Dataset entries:
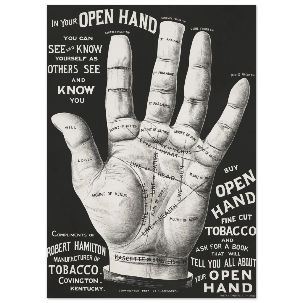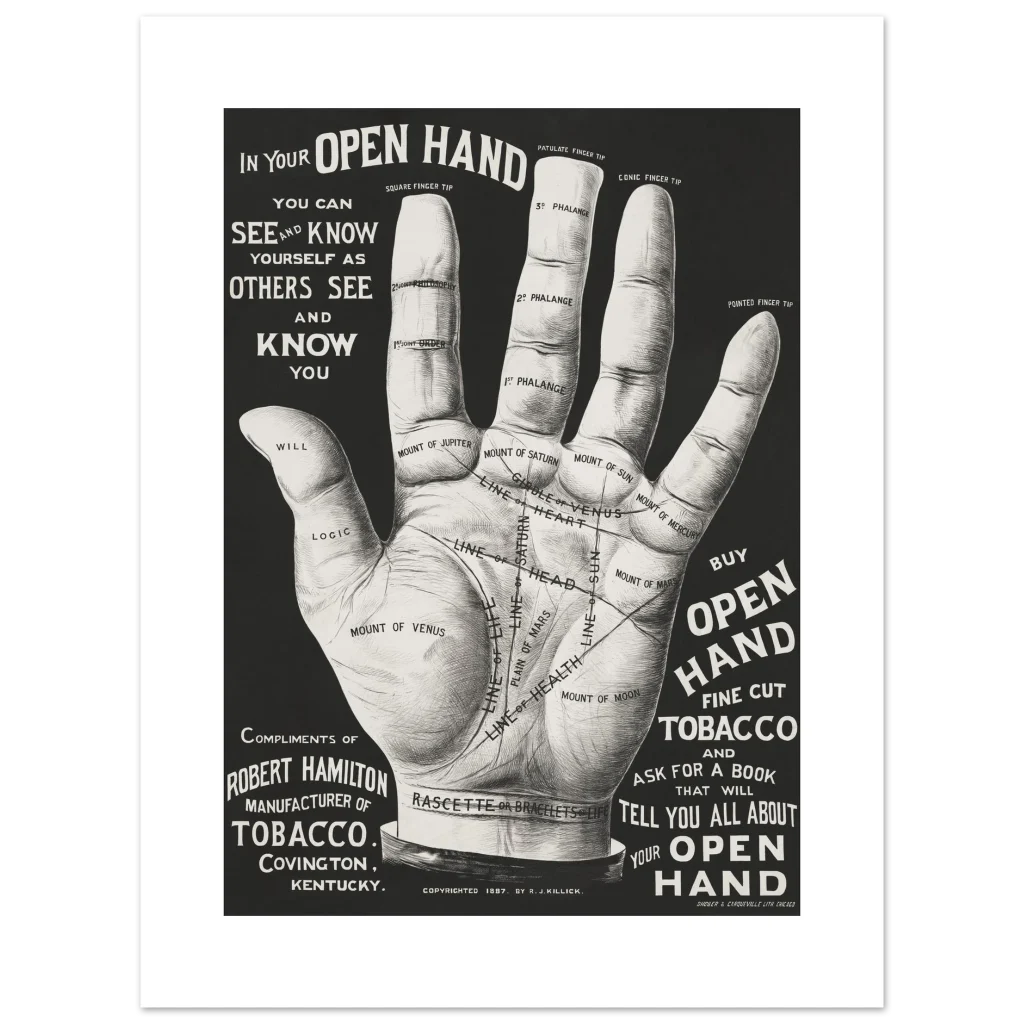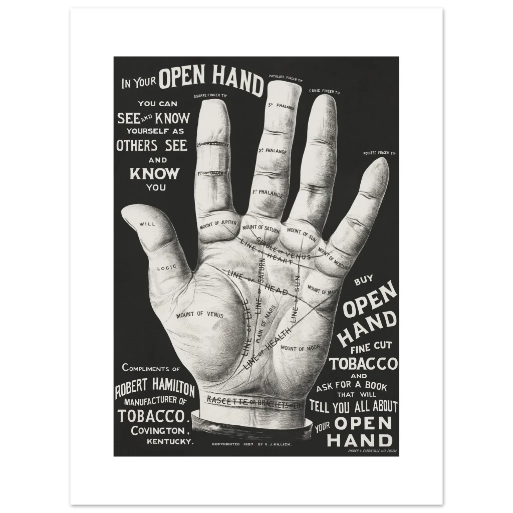 Vintage Palmistry Chart Poster: ‘In Your Open Hand’ — Premium Matte Print for Mystical Decor
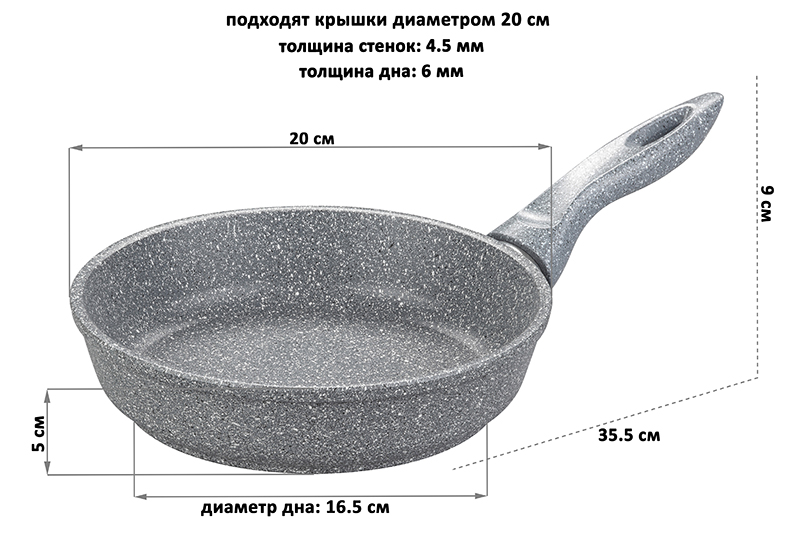 Сковорода глубокая 20 см ГАРМОНИЯ ВКУСА "Серый мрамор" без крышки, н/р, 35,5*21*9 см
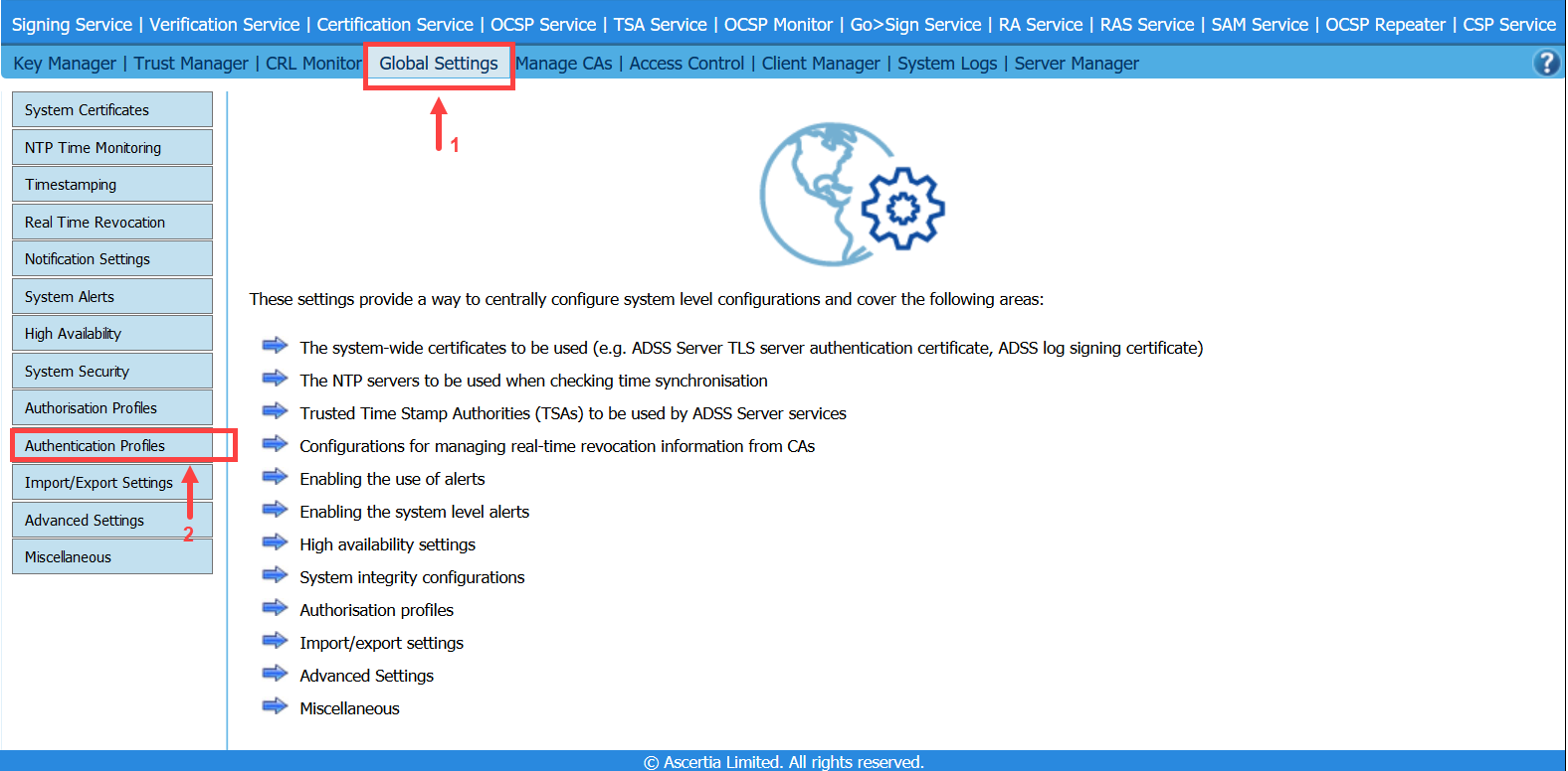 1. Click on the Global Settings
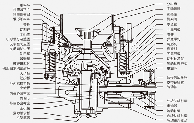 圓錐破碎機適用于冶金、建筑、筑路、化學及硅酸鹽行業中原料的破碎,根據破碎的原理,圓錐破碎機廣泛運用于大的礦山、冶煉、建材、公路、鐵路、水利工業等眾多部門。圓錐破碎機破碎比大、效率高、能耗低,產品粒度均勻,適合中碎和細碎各種礦石,巖石。
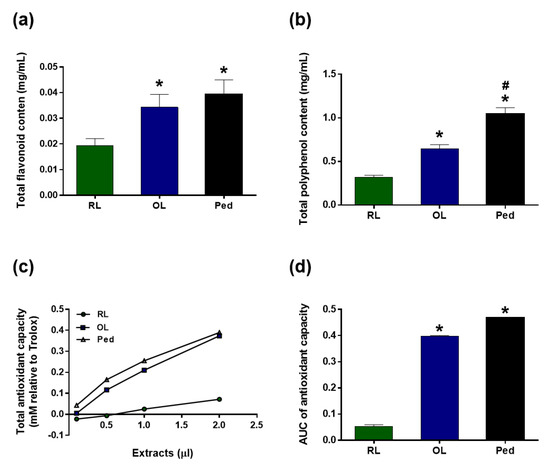 Antioxidant content of raw leaves (RL), oxidation-treated leaves (OL), and peduncles (Ped). Total flavonoid content (a) and polyphenol content (b). Total antioxidant capacity was measured via the ABTS assay (c), and the AUC is represented (d). Data are presented as the means ± SEM. * p < 0.05 versus RL; # p < 0.05 versus OL.
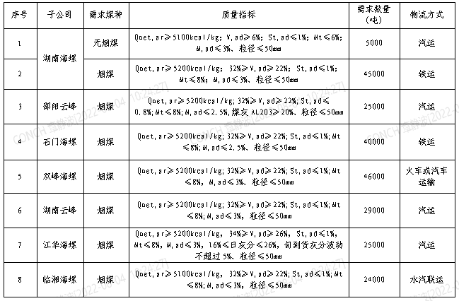 根據(jù)2022年8月21日-2022年9月20日海螺水泥湖南區(qū)域各子公司煤炭需求,現(xiàn)擬對煤炭進行公開招標,選定中標人,為體現(xiàn)公平、公正、公開的原則,拓寬采購渠道,現(xiàn)將招標相關(guān)事宜公告如下:
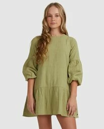 Hot Sale 😀 Billabong 👧 Girls’ Mini Wishes Long Sleeve 👗 Dress AVOCADO ✔️
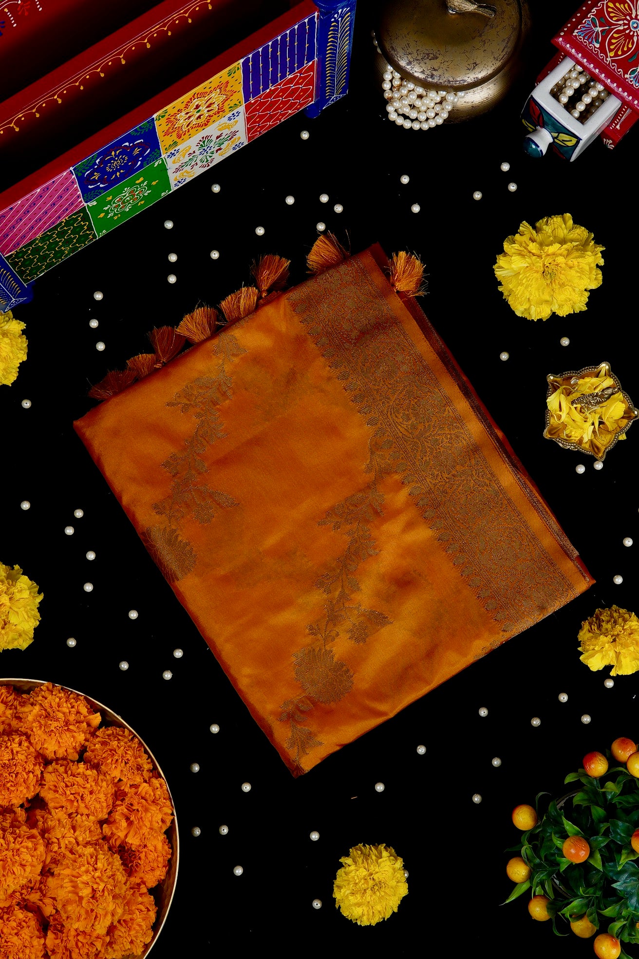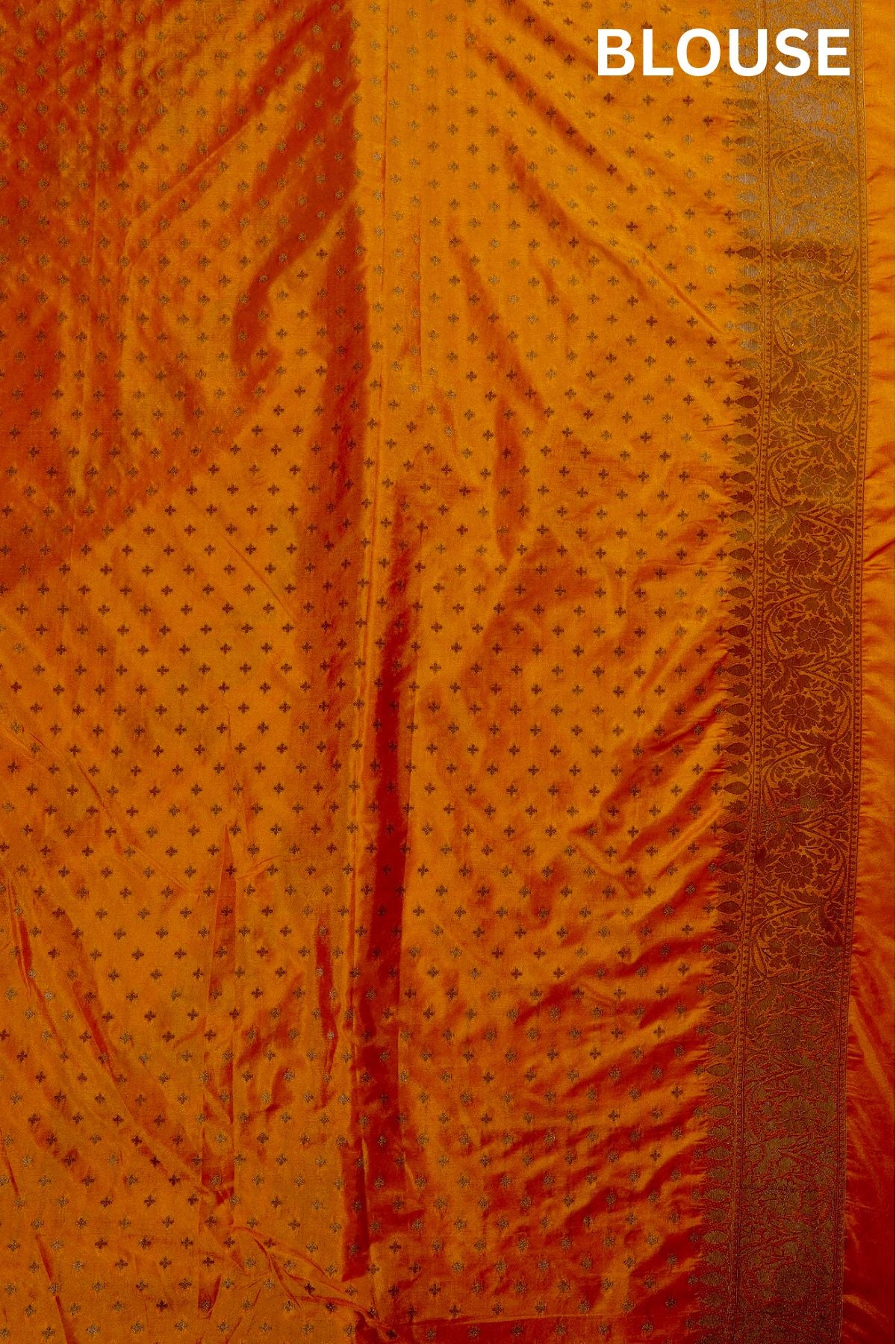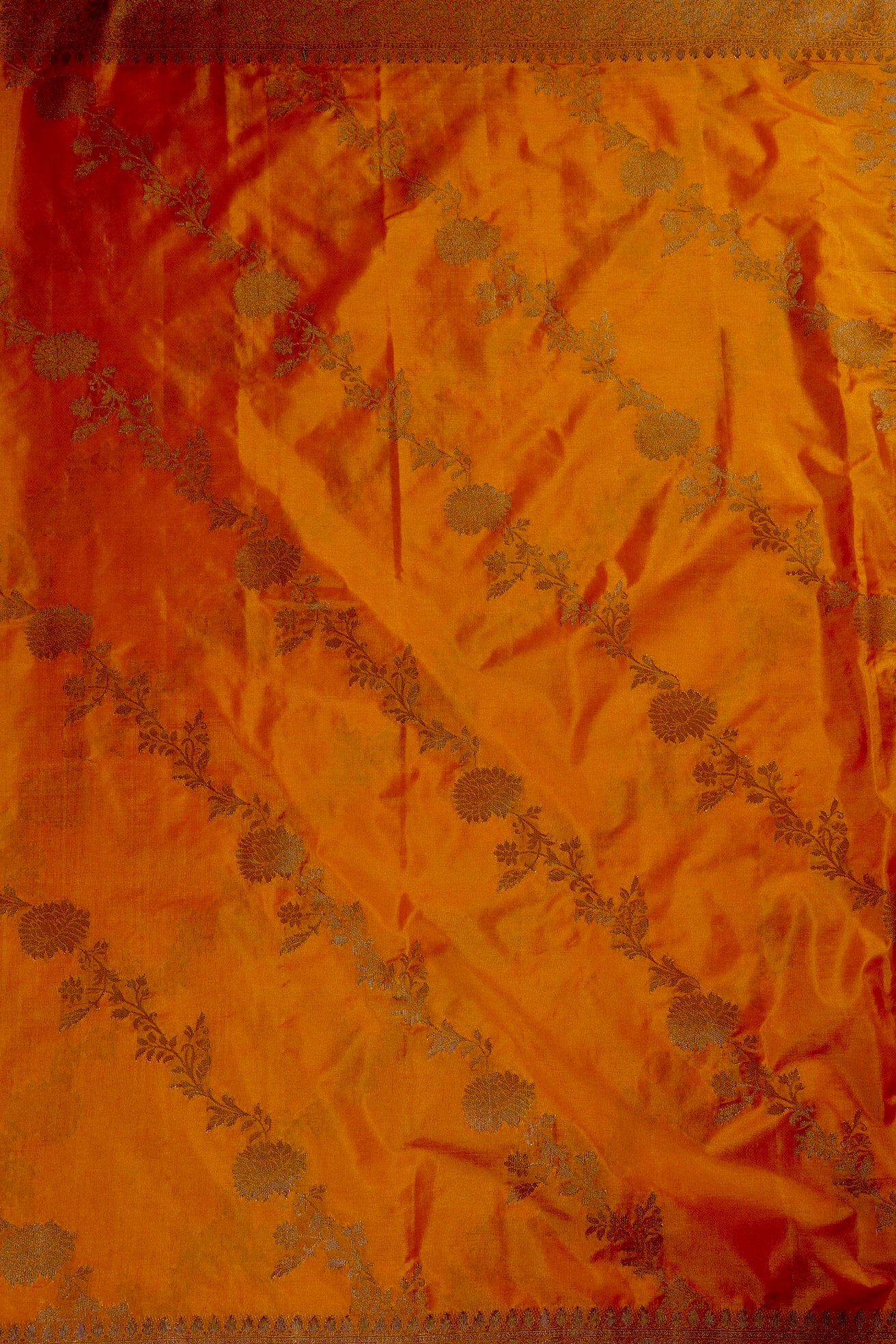 Previous NextAn orange semi tussar saree with thick vine pattern flowing diagonally through the body in gold, and a complementing border holding intricately woven floral vines in gold. The pallu is filled with small floral patterns sophistically woven in gold, looking like the golden hour at the perfect lighting. The saree has an orange blouse with small diamonds and the same border.
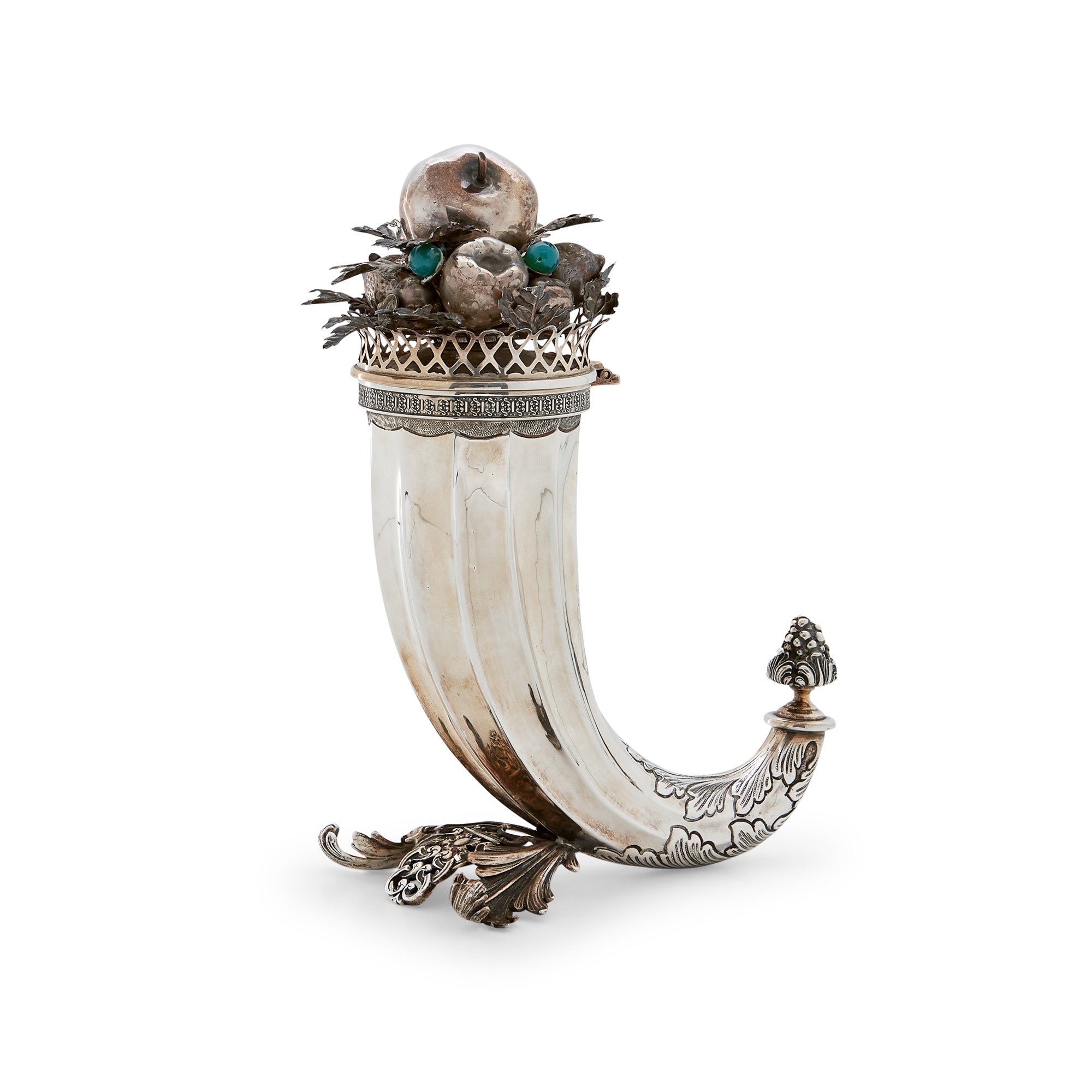 base a motivo fogliaceo e coperchio a cesto di frutta, interno in vermeil.

**TASK INSTRUCTIONS:** What you need to produce is an exact copy of the entries above, limited to the lines from the one with "Сковорода глубокая 20" up to and including the one with "圓錐破碎機適用于冶金、建筑、", without pictures.

**SOLUTION:**
 Сковорода глубокая 20 см ГАРМОНИЯ ВКУСА "Серый мрамор" без крышки, н/р, 35,5*21*9 см
 1. Click on the Global Settings
 圓錐破碎機適用于冶金、建筑、筑路、化學及硅酸鹽行業中原料的破碎,根據破碎的原理,圓錐破碎機廣泛運用于大的礦山、冶煉、建材、公路、鐵路、水利工業等眾多部門。圓錐破碎機破碎比大、效率高、能耗低,產品粒度均勻,適合中碎和細碎各種礦石,巖石。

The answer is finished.